Records excerpted from a collection
┄┄┄┄┄┄┄┄┄┄┄┄┄┄┄┄┄┄┄┄

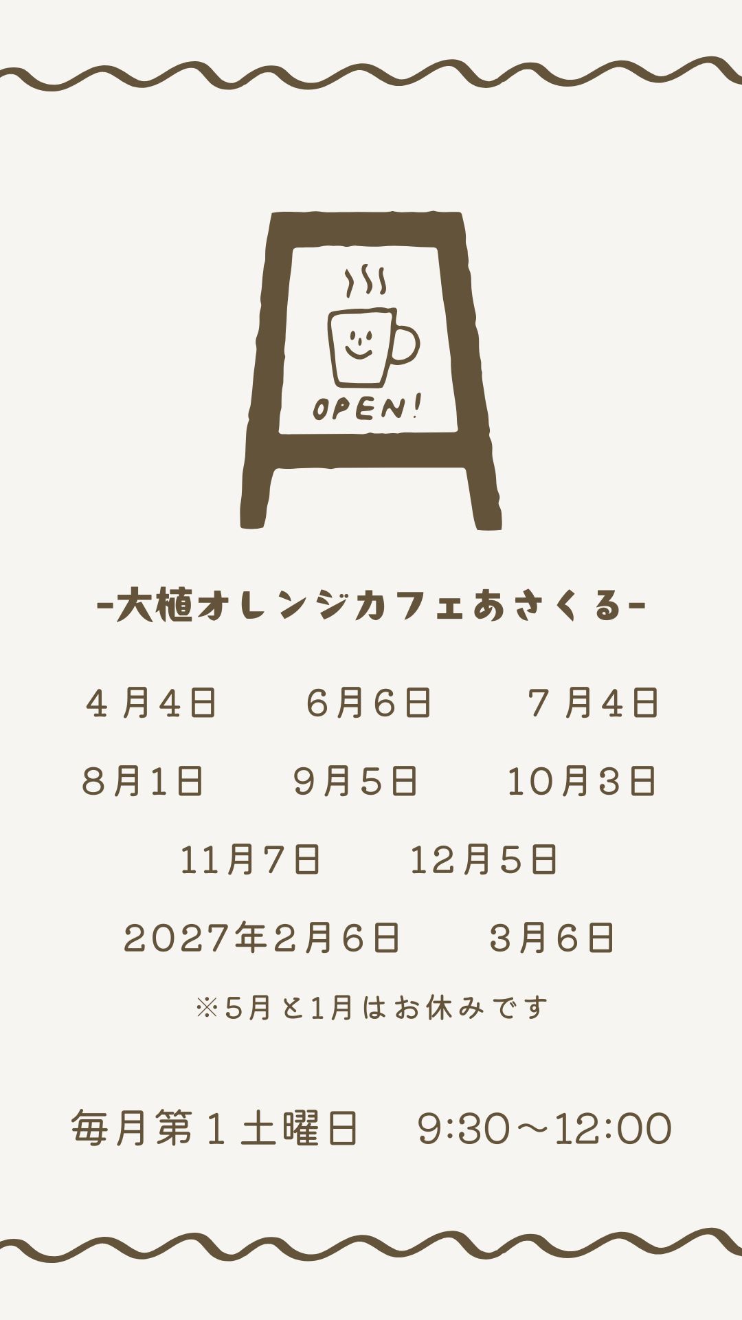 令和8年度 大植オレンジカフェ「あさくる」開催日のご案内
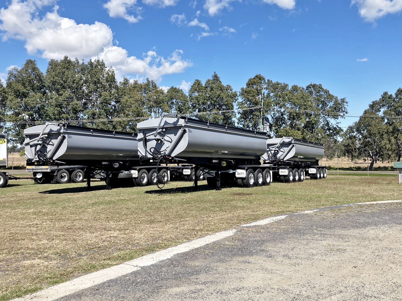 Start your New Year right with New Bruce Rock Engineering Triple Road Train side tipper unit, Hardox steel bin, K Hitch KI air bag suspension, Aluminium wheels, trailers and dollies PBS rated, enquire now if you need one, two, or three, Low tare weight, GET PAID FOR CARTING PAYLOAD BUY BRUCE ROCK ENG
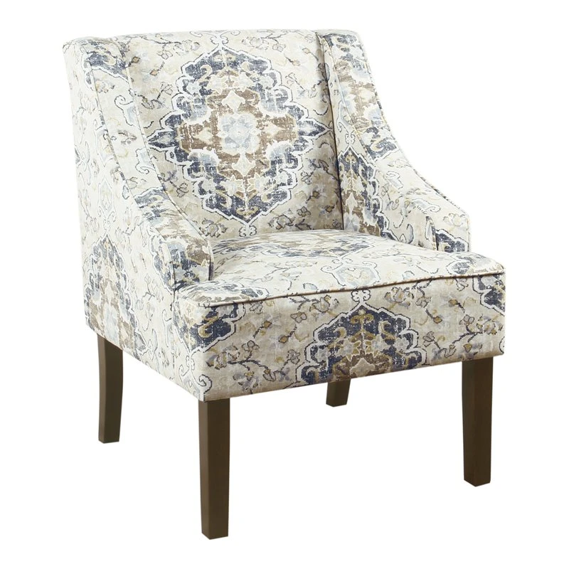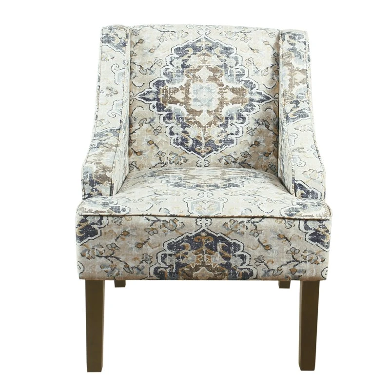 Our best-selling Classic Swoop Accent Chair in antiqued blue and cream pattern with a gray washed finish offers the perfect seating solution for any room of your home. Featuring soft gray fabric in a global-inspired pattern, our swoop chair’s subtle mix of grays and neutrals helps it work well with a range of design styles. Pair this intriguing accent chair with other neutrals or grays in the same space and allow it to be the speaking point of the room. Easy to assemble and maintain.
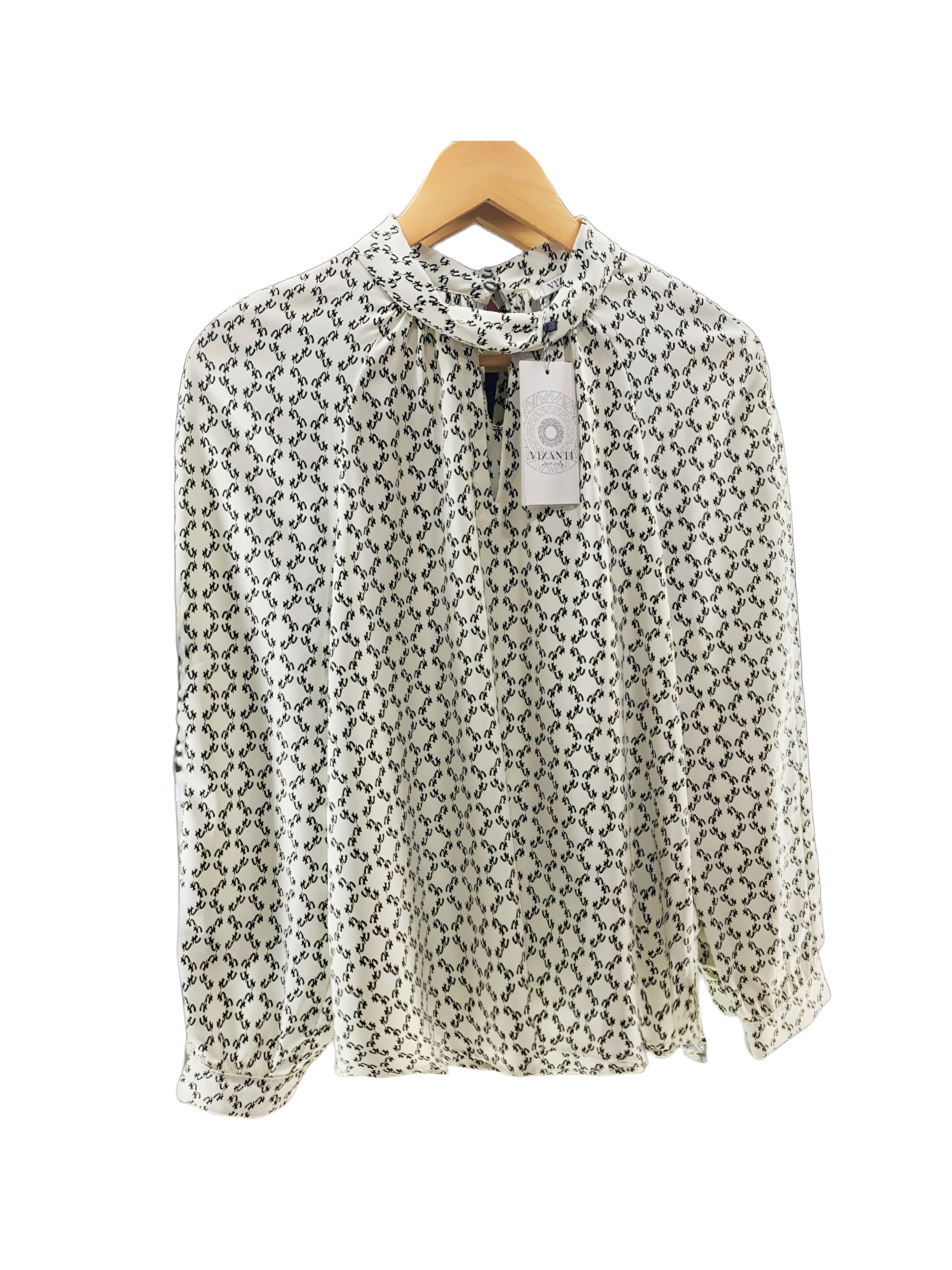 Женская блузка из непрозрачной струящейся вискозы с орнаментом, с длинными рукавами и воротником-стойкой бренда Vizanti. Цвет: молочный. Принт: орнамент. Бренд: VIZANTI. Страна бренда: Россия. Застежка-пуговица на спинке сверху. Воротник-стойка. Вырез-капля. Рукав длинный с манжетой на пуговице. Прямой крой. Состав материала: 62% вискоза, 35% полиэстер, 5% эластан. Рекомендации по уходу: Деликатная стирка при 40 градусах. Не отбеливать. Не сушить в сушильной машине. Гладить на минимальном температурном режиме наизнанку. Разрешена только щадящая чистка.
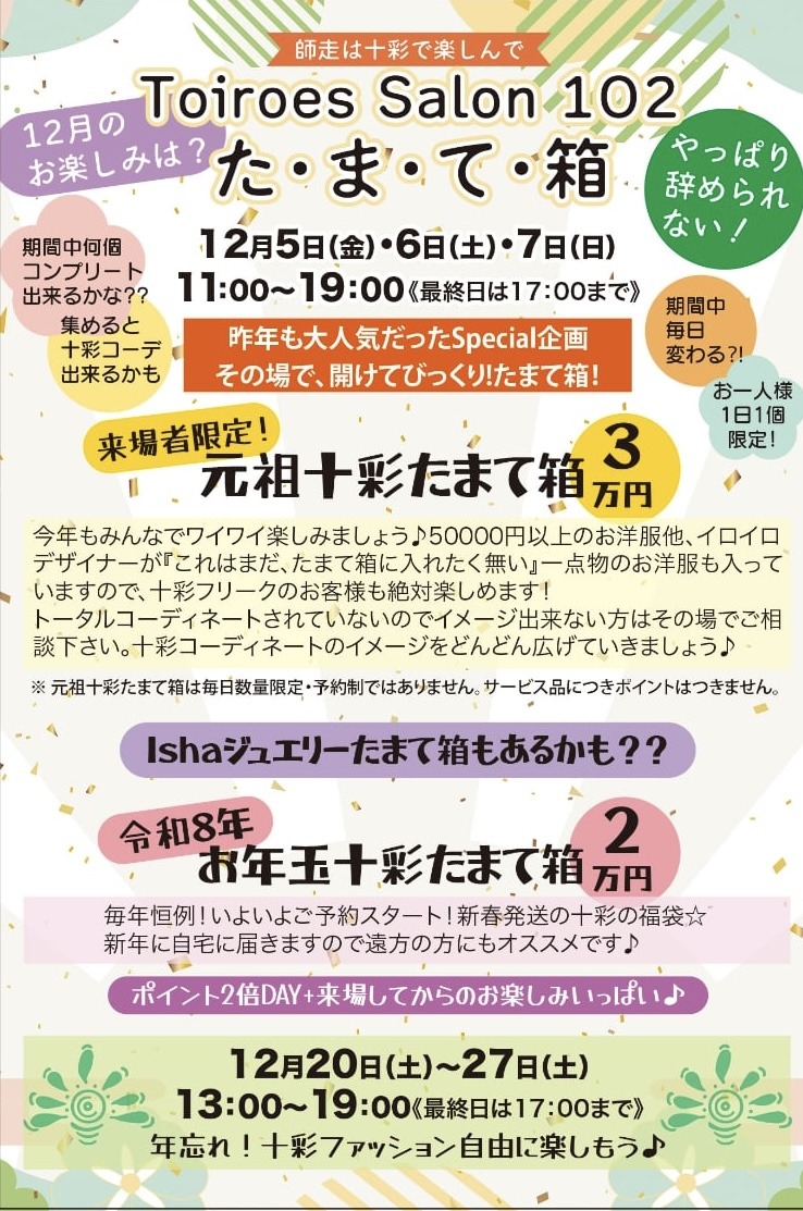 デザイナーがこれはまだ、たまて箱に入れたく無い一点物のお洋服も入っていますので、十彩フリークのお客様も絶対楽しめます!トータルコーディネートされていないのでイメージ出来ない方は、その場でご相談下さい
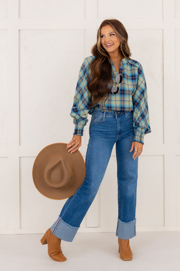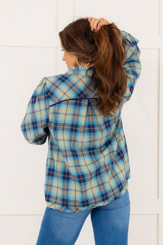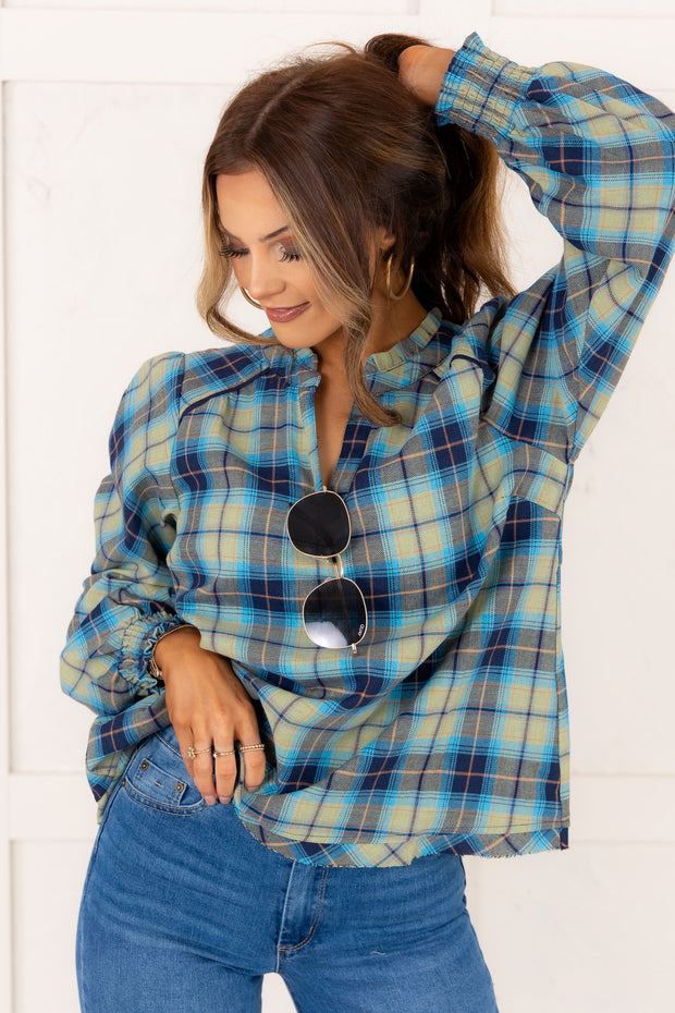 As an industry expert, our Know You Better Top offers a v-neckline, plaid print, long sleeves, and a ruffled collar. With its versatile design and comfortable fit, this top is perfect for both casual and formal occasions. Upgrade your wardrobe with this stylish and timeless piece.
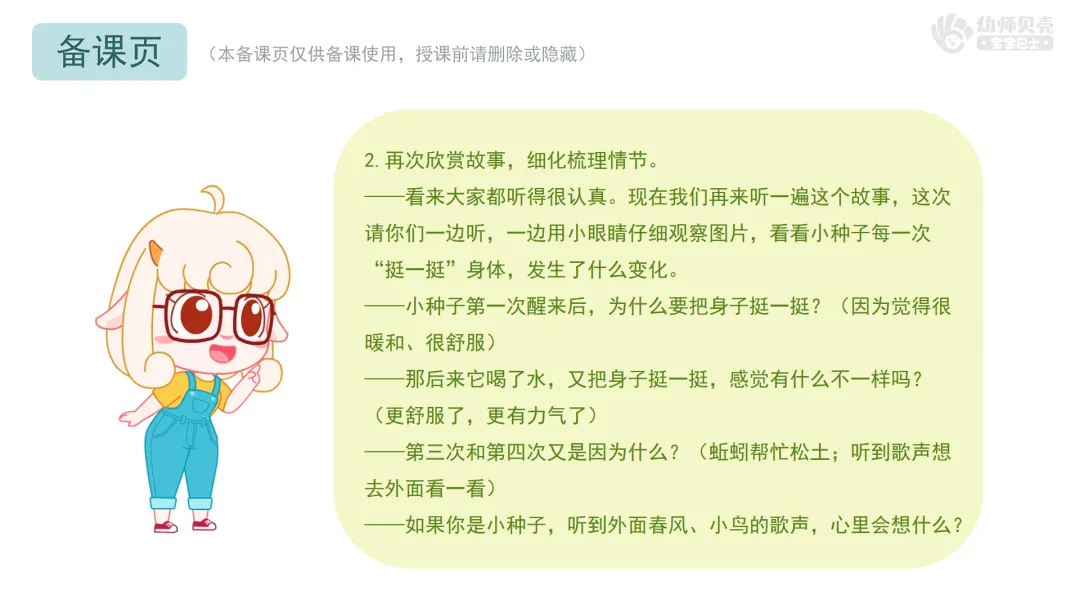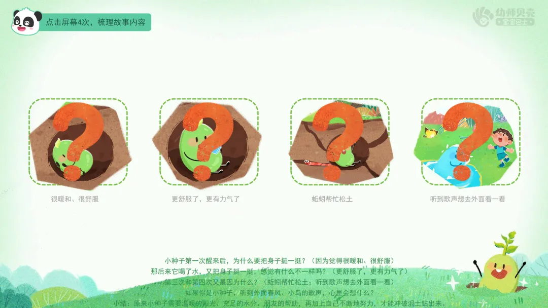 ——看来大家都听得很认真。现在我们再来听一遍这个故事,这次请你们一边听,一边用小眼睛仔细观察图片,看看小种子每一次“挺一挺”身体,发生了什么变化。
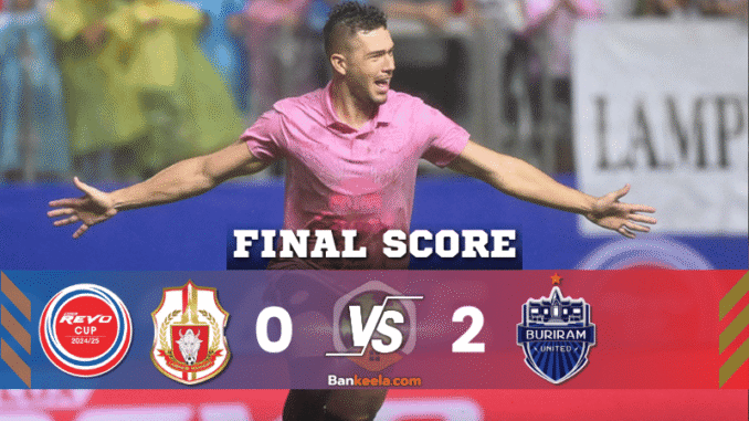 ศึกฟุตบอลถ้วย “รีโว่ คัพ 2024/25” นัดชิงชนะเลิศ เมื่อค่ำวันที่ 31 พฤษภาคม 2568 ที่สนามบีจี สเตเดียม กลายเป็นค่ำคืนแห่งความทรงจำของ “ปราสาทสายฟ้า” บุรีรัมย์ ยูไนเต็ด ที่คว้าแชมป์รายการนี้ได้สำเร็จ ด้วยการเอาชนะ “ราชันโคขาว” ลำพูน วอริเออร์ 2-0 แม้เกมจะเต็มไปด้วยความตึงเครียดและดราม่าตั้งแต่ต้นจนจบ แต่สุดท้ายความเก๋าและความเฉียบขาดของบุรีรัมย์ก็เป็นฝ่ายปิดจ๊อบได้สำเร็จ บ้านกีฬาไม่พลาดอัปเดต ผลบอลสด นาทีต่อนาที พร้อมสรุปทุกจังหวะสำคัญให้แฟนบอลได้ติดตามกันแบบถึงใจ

┄┄┄┄┄┄┄┄┄┄┄┄┄┄┄┄┄┄┄┄

> _ACTION ITEM_
Above are the records; repeat their lines from the first through the line containing "Our best-selling Classic", and leave out each picture.

> _SOLUTION_
 令和8年度 大植オレンジカフェ「あさくる」開催日のご案内
 Start your New Year right with New Bruce Rock Engineering Triple Road Train side tipper unit, Hardox steel bin, K Hitch KI air bag suspension, Aluminium wheels, trailers and dollies PBS rated, enquire now if you need one, two, or three, Low tare weight, GET PAID FOR CARTING PAYLOAD BUY BRUCE ROCK ENG
 Our best-selling Classic Swoop Accent Chair in antiqued blue and cream pattern with a gray washed finish offers the perfect seating solution for any room of your home. Featuring soft gray fabric in a global-inspired pattern, our swoop chair’s subtle mix of grays and neutrals helps it work well with a range of design styles. Pair this intriguing accent chair with other neutrals or grays in the same space and allow it to be the speaking point of the room. Easy to assemble and maintain.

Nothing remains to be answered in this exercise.